The Na +-translocating F 1F O-ATPase from the halophilic, alkalithermophile Natranaerobius thermophilus

Abstract

Natranaerobius thermophilus is an unusual anaerobic extremophile, it is halophilic and alkalithermophilic; growing optimally at 3.3–3.9 M Na +, pH 50 °C 9.5 and 53 °C. The ATPase of N. thermophilus was characterized at the biochemical level to ascertain its role in life under hypersaline, alkaline, thermal conditions. The partially purified enzyme (10-fold purification) displayed the typical subunit pattern for F-type ATPases, with a 5-subunit F 1 portion and 3-subunit-F O portion. ATP hydrolysis by the purified ATPase was stimulated almost 4-fold by low concentrations of Na + (5 mM); hydrolysis activity was inhibited by higher Na + concentrations. Partially purified ATPase was alkaliphilic and thermophilic, showing maximal hydrolysis at 47 °C and the alkaline pH 50 °C of 9.3. ATP hydrolysis was sensitive to the F-type ATPase inhibitor N,N′-dicylohexylcarbodiimide and exhibited inhibition by both free Mg 2+ and free ATP. ATP synthesis by inverted membrane vesicles proceeded slowly and was driven by a Na +-ion gradient that was sensitive to the Na +-ionophore monensin. Analysis of the atp operon showed the presence of the Na +-binding motif in the c subunit (Q 33, E 66, T 67, T 68, Y 71), and a complete, untruncated ε subunit; suggesting that ATP hydrolysis by the enzyme is regulated.
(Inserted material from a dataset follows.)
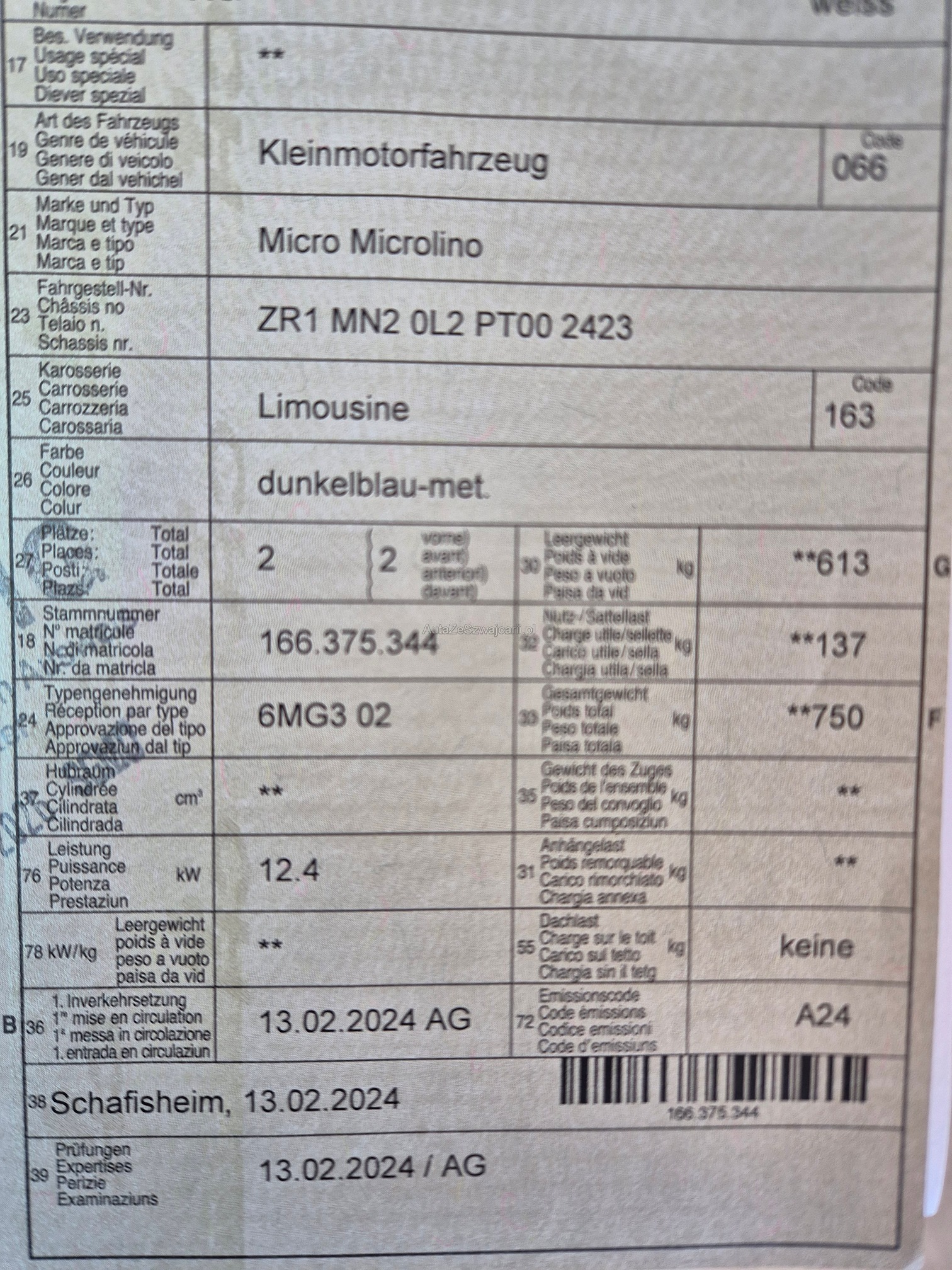 | Kommentar | Am Fahrzeug wurde kein Werkstatttest gemacht (Für sichtbare oder nicht sichtbare Mängel wird nicht gehaftet). Wir testen & kontrollieren nicht alle Funktionen vom Fahrzeug. Das Risiko liegt somit vollumfänglich beim Käufer. Nachdem der Höchstbietende den Zuschlag erhalten hat, gibt es keine Nachverhandlung, auch wenn nicht deklarierte Mängel zum Vorschein kommen sollten. Ab Platz ohne Garantie, Wandelung und Minderung werden wegbedungen. Abholung nach Zuschlag innert 5 Tagen. Das Fahrzeug kann vorgängig am Steinackerweg 12 in 4322 Mumpf besichtigt werden. |

Based on these properties, the F 1F O-ATPase of N. thermophilus is a Na +-translocating ATPase used primarily for expelling cytoplasmic Na + that accumulates inside cells of N. thermophilus during alkaline stress. In support of this theory are the presence of the c subunit Na +-binding motif and the low rates of ATP synthesis observed. The complete ε subunit is hypothesized to control excessive ATP hydrolysis and preserve intracellular Na + needed by electrogenic cation/proton antiporters crucial for cytoplasmic acidification in the obligately alkaliphilic N. thermophilus.